Barley supplies in Germany in 1948

With food of all kinds in short supply in the years after WW2, brewers in the British zone of Germany made several attempts to get permission from the military government to use barley, says an article in March 1948 in the newly-founded young news magazine Der Spiegel.

The brewers first requested 46,000 tons of barley to make 15 million hectolitres of beer. When both this and a second request was declined by the Brits, the brewers asked for 37,500 tons of barley with which to make 11 million hectolitres of 1.7% small beer. For comparison the peacetime production across the country had been 45 million hl at 12%.

I think the figures the Spiegel calls percent must be degrees Plato rather than ABV, otherwise they don’t make sense. 12 Plato would give us a beer of around 5%, which sounds about right for peacetime beer. That means the 1.7 beer is even weaker than it looks, as 1.7 Plato is next to nothing.

“The British zone is the driest region in all of Germany”, the Spiegel notes. The British had banned the production of all alcohol, whereas in the French zone a 2% beer was permitted and 3% in the Russian zone. 

Just 17 of the 250 breweries in the British zone were allocated barley for making beer.

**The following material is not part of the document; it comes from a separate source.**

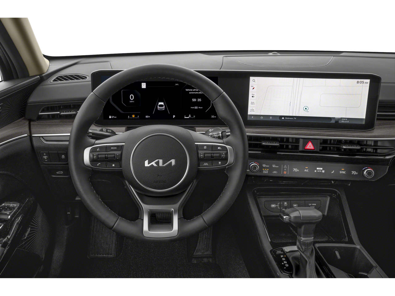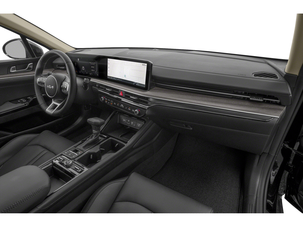 Equipped with 12 Speakers, 4-Wheel Disc Brakes, ABS brakes, Air Conditioning, Alloy wheels, AM/FM radio: SiriusXM, Auto High-beam Headlights, Automatic temperature control, Brake assist, Bumpers: body-color, Carpeted Floor Mats, Delay-off headlights, Driver door bin, Driver vanity mirror, Dual front impact airbags, Dual front side impact airbags, Electronic Stability Control, Emergency communication system: Kia Connect (includes 1 year free trial), Four wheel independent suspension, Front anti-roll bar, Front Bucket Seats, Front Center Armrest, Front dual zone A/C, Front reading lights, Fully automatic headlights, Heated & Ventilated Front Bucket Seats, Heated door mirrors, Heated front seats, Heated steering wheel, Illuminated entry, Knee airbag, Leather Shift Knob, Leather steering wheel, Low tire pressure warning, Memory seat, Navigation System, Occupant sensing airbag, Outside temperature display, Overhead airbag, Overhead console, Panic alarm, Passenger door bin, Passenger vanity mirror, Power door mirrors, Power driver seat, Power moonroof, Power passenger seat, Power steering, Power windows, Radio data system, Radio: AM/FM Audio System, Rear anti-roll bar, Rear reading lights, Rear seat center armrest, Rear side impact airbag, Rear window defroster, Remote keyless entry, Security system, Speed control, Speed-sensing steering, Split folding rear seat, Steering wheel mounted audio controls, SynTex Seat Trim, Tachometer, Telescoping steering wheel, Tilt steering wheel, Traction control, Trip computer, Turn signal indicator mirrors, Variably intermittent wipers, Ventilated front seats, and Wheels: 18 x 7.5J Gloss Black Machined Finish Alloy.

They brewed beer for the NAAFI at 8.5 (this must surely also be Plato. I can’t see Tommy quaffing an 8.5% ABV beer, or being in a fit state to keep order the next day), and were permitted to make 50,000 hl of full-strength beer for export. This went to the old German export markets in South Africa, South America, Egypt and Australia.

Before the war Germany had been exporting between 600,000 and 900,000 hl. Now the brewers were having to turn down export orders because they had no barley to brew with.

As you might expect, there was political pressure not to “waste” scarce grain on brewing beer. The brewers argued that the 46,000 tons of barley they wanted comprised only 0.75% of Germany’s grain consumption – the equivalent of one thin slice of bread a week per person. It was even suggested (by whom is not clear) that bread ration coupons could be used for beer.

Enter the wily Professor Dr. Hermann Fink, who managed to argue convincingly that it was better to make beer from grain than to feed the grain to animals. At least, convincingly enough for the northwest brewers’ associations at whose conference he was speaking.

His argument is summarised in this charming diagram. After making beer you can feed the spent grain, yeast and trub to cattle and pigs, which builds more fat, apparently, than just feeding barley to pigs.

The comparison comes out expressed as vital, nutritious fat: 60 tons if using the barley as animal feed; 74.3 tons if the grain is processed into beer first.



Brewing vs. animal feed

42,300 hl full-strength beer or 500,000 hl small beer
and 45 tons malt shoots and 225 tons spent grain

710 tons full cream milk
682 tons buttermilk and skimmed milk

23.7 tons of butter fat
50.6 tons of pork fat
Total 74.3 tons fat


The brewers were unsurprisingly delighted by this convenient discovery, and made sure to make use of Prof Fink’s argument in their representations to the military government. It had little effect: the occupying commanders pointed out that British and American breweries were also having to restrict their output to conserve grain. The beer consumption of the USA had dropped by 35% since 1946 and the British were drinking only 1.9 million standard barrels, down from 2.5 million in 1946. (Since this is expressed in standard barrels, it’s quite possible the Brits were drinking the same number of pints of weaker beer, or even slightly more.)